Ya el martillo filosófico se encargó
de demoler todo vestigio de moral. Los valores que inspiraron épicas
gestas espirituales recibieron la maldición del olvido, veneno de
larga duración con graves efectos post mortem.
Hace casi un milenio que con la
fiereza del león, Urbano II decretaría “Dieu le veut”, lanzando
con un grito perenne las saetas espirituales de occidente, los más
valerosos guerreros de Europa la vieja, espadas se abalanzaban por
una conquista metafísica.
¿No es acaso el cruzado, el ser más
glorioso de entre los dadores de muerte? Renuncia sin impedimento
alguno al cómo dominio material para embarcarse en una pugna cuyos
fines últimos trascienden épocas y vidas.
Quien arriesga su existencia por
beneficios materiales, obtiene la retribución gozosa de la paz, pero
quien sea capaz de entregar su vida por una causa metafísica,
forjará con su espíritu un legado verdaderamente inmortal.
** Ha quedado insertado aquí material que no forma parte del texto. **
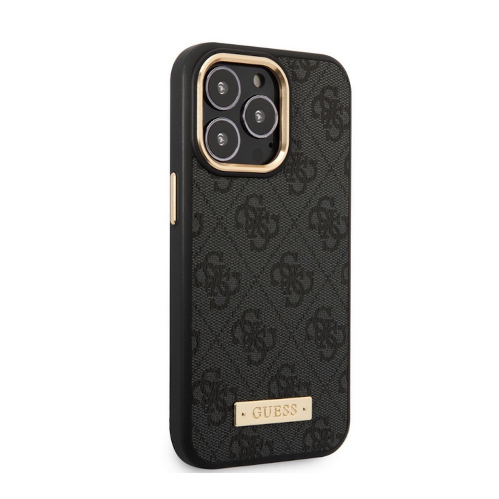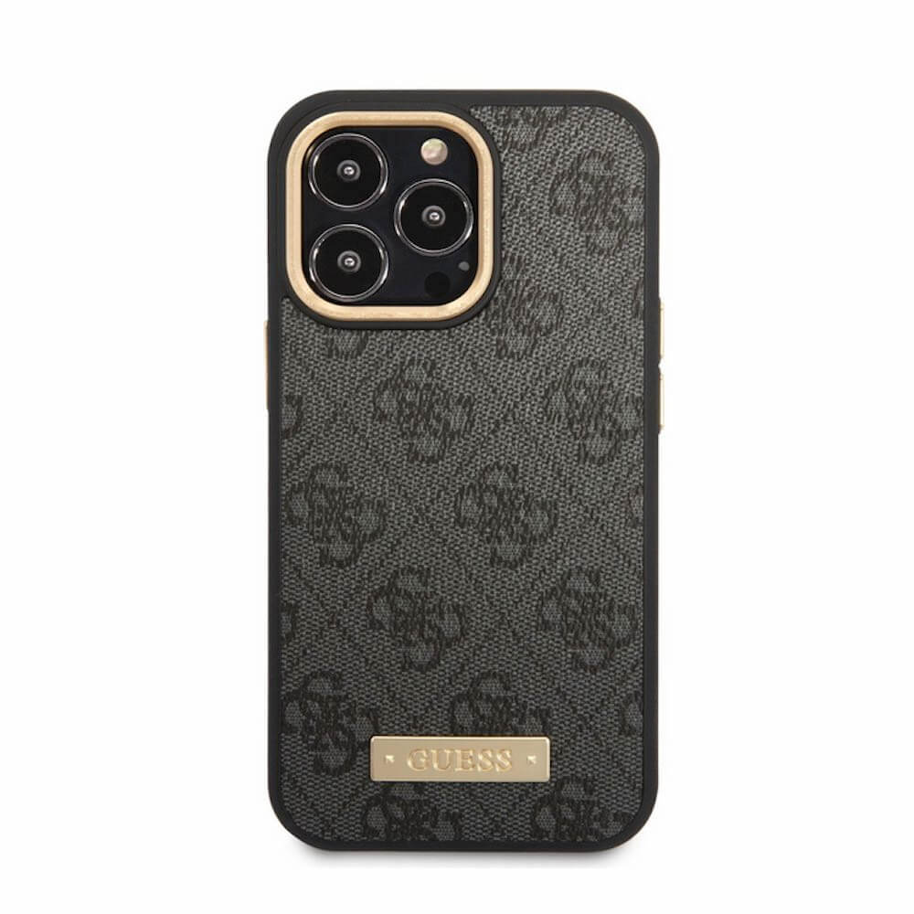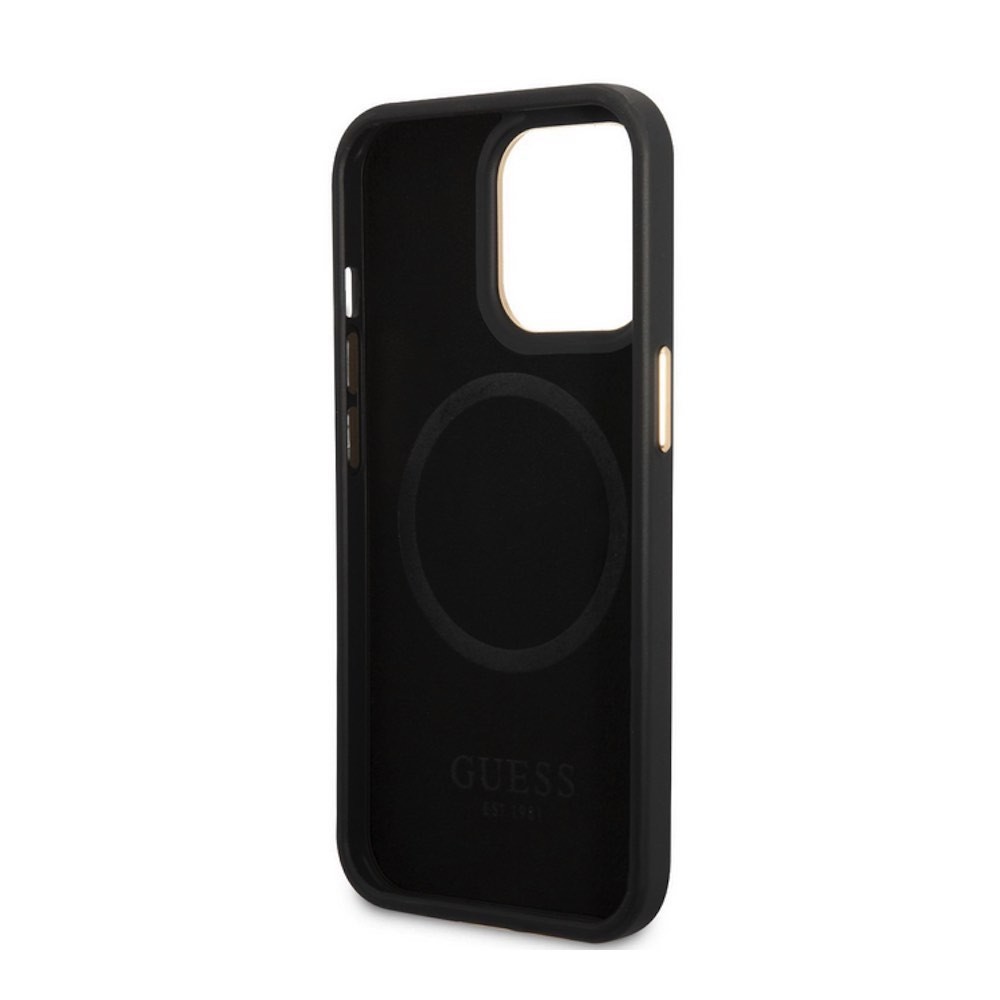 Guess PU 4G MagSafe Leather Hard Case - дизайнерски кожен кейс с MagSafe за iPhone 13 Pro (черен)

Más allá de las connotaciones
políticas que hicieron posible la existencia de las cruzadas, y
vislumbrando un panorama aún más elevado que obvie los intereses
materiales que en su momento tuvo el clero y la nobleza, nuestro
deber es rescatar y asumir la responsabilidad de honorificar como
arquetipo de vencedor al cruzado, cuyo afán de obtener frutos
espirituales de sus pugnas materiales coloca a su existencia en un
plano que trasciende el tiempo.
Es el cruzado un profeta de la
Voluntad de Poder, una catequesis ambulante cuyas enseñanzas son
impartidas por la acción en lugar del verbo. La cruzada es la
cúspide olímpica de la acción, la forja que endurece al alma
penitente y le convierte en una sublime espada, gracias al calor de
la batalla y a los golpes constantes de aquél sabio herrero cuyo
sutil martillo llamaremos “embates del destino”.
Bendita sea la calamidad, porque en su
seno se haya el néctar de la fortaleza.